Rebecca James On The Making Of Beautiful Malice

Mystery author Rebecca James takes readers behind the scenes for a look at how she created her novel, Beautiful Malice. Learn what made writing this novel such an adventure for the author and don't miss the excerpt at the end of this post!

I started Beautiful Malice with the first sentence. 

Of course you did! I hear you protest. Where else would you start? Isn't that where every book begins? Well...yes and no.  The reader usually starts with the first sentence but the writer may not. Some authors start a book with an idea, a story, a plot, others start with a certain character or two. Still others might start with a place. All I had when I sat down to write was a very vague desire to write about toxic friendships -- and then I wrote the first sentence:

I didn't go to Alice's funeral. 

I had no idea, when I wrote that sentence, where my story was headed. I had no idea who the characters were or what was going to happen to them. The narrator was a girl called Katherine who didn't go to Alice's funeral. That's all I knew. I didn't know, in the beginning, what Alice had done to Katherine or why Katherine hated Alice so much -- but she did hate her, she said so in the very next line. 

I was pregnant at the time, crazy and wild with grief. But it wasn't Alice I grieved for. No, I hated Alice by then and was glad that she was dead.  

Apparently Katherine hated Alice so much that she was glad that Alice was dead. That's a lot of hate. Alice must have done something very very bad. 

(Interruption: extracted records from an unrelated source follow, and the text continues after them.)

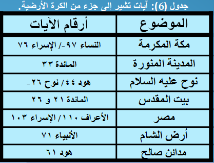 تتناول بعض الآيات أحداثا تاريخية وقعت على الأرض أو الكرة الأرضية مثل الآيات المذكورة في جدول (6)، ومن المؤكد أن كل حدث من هذه الأحداث وقع على نقطة محددة من الكرة الأرضية، لكن القرآن الكريم يشير إلى ذلك بكلمة (الأرض) مثل الأمثلة التالية:
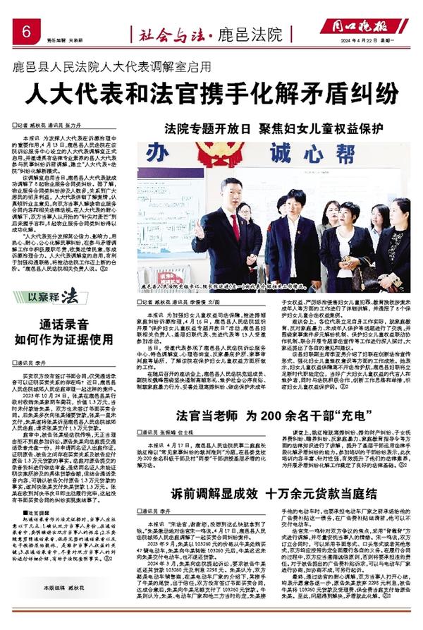 本报讯 4月17日,鹿邑县人民法院民事二庭庭长姚红梅以“常见家事纠纷的裁判准则”为题,在县委党校为200余名科级干部及村“两委”干部讲授基层矛盾的化解方法。
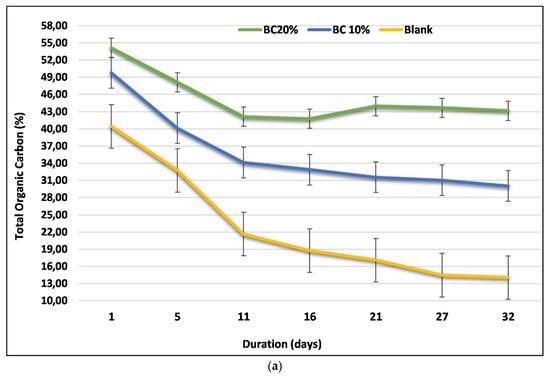 In general, all composting feedstocks might comprise all the nutritional elements required by the soil, but in a certain range. Consequently, several components, particularly TOC and TN, should be monitored during the biological process. The tendencies of TOC and TN variations were observed in Figure 4. During the composting experiment, Figure 4a shows a sharp decrease of total organic carbon contents, however, the notable decline of TOC content was registered in the case of biologically-treated wastes without biochar (BC0) started at 40% to finalize at 14%. Such a TOC profile can be explained by an instable fraction of OM which was mineralized, and it can also be directly related to the rate of microbial actions, because microorganisms consume these organic elements during the process [42]. However, regarding the bioreactors which included biochar, the TOC contents determined initially were 54% and 49%, which reduced to 43% and 30% for BC20 and BC10, respectively. As the biochar used during the experiments was produced from natural beechwood, it can be considered as a supplementary source of carbon for the amended mixtures, which highlighted the different TOC contents in each combination [41]. Thus, biochar is known to have a recalcitrant structure which is strongly reduced during the process, but leads to a slightly higher amount of carbon content at the end of the process, especially for the mixture with 20% of biochar added [43]. Comparable results showed that the TOC content decreased to 29% and 30% in piles treating food waste containing 10% and 15% of biochar, which are very close of the values of the BC10 trial tested in this work [19].

But I, dear reader, had no idea what that was - I had to write the book before I had any answers. Basically, I didn't know what happened until it happened. Writing Beautiful Malice was just as much a process of discovery for me as it is for the reader.

Apparently this is quite a common way to write. The writer just sits down and writes without having a very clear idea of the plot and lets the story have its way, so to speak. Potentially, I guess, the author could end up with a very big mess on his or her hands, a complicated jumble of a story that doesn't make much sense at all  - but many people think that this way of writing allows the subconscious mind come to the fore. And when I think back to the way  Beautiful Malice worked out, the way all the story elements combined to make some kind of narrative sense without me consciously thinking about it very much, I'd have to agree.

Interestingly, in writing my second book, Cooper Bartholomew is Dead, I have taken a much more structured approach. I’ve had a much clearer picture of the entire plot in my head from the beginning. I’ve known what was going to happen to whom and when and why. I’m not sure whether this is because this book is contracted to publishers and I’m too scared to take the same relaxed lets see where this story goes approach I took with Beautiful Malice - or whether it was a more organic change - simply a matter of different book, different process. But one thing I do know is that I’d very much like to write a book with the same feeling of freedom I had when I wrote Beautiful Malice, that same trust I had in my subconscious mind, my own innate story-telling ability. 

And if you can’t think of a mind-blowing plot for your book I suggest you give your subconscious mind a chance to shine. Just sit down and write. See what happens. I bet you surprise yourself.